Exercise data

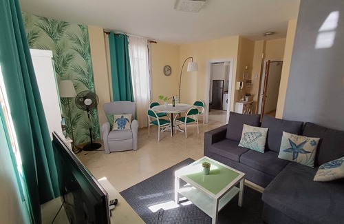 Located in the old area, and center of the city. The terrace, with reserved access to the apartment, ideal for teleworking, is an office with sea views, Wi-Fi (500Mb), heated shower and fridge, so you don't lack for anything.
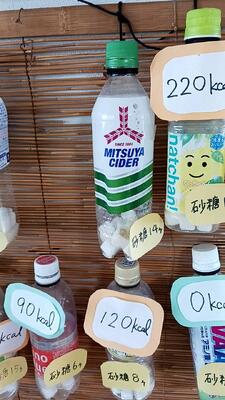 先日、病院に行った時に「飲み物の中に含まれている砂糖」についての掲示がありました。実際のペットボトルの中に角砂糖がどれくらい入っているかを示していました。はっきりと分かる掲示の仕方に感心しました。あらためて健康に留意しなくてはと思いました。
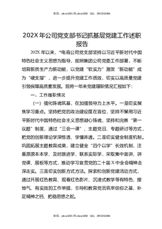 202X年公司党支部书记抓基层党建工作述职报告.docx
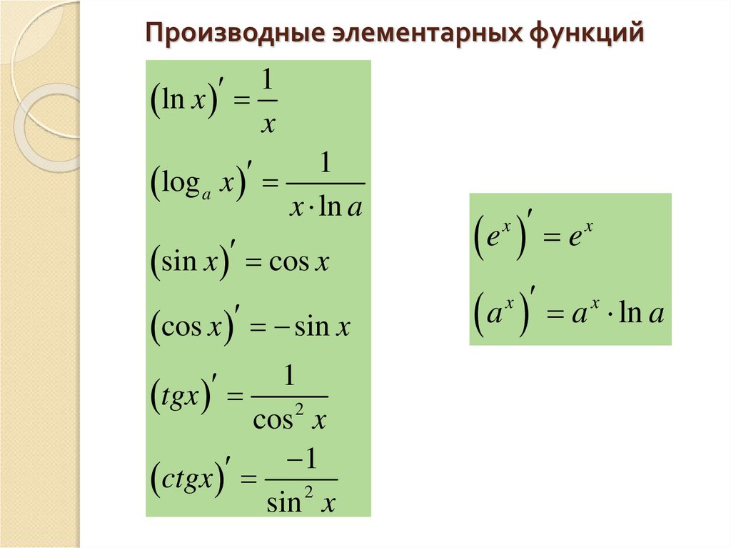 Производные элементарных функций

Task item
What is needed is a word-for-word restatement of the lines from the one holding "先日、病院に行った時に「飲み" to the final line of the data above, inclusive, without any pictures.

Result
 先日、病院に行った時に「飲み物の中に含まれている砂糖」についての掲示がありました。実際のペットボトルの中に角砂糖がどれくらい入っているかを示していました。はっきりと分かる掲示の仕方に感心しました。あらためて健康に留意しなくてはと思いました。
 202X年公司党支部书记抓基层党建工作述职报告.docx
 Производные элементарных функций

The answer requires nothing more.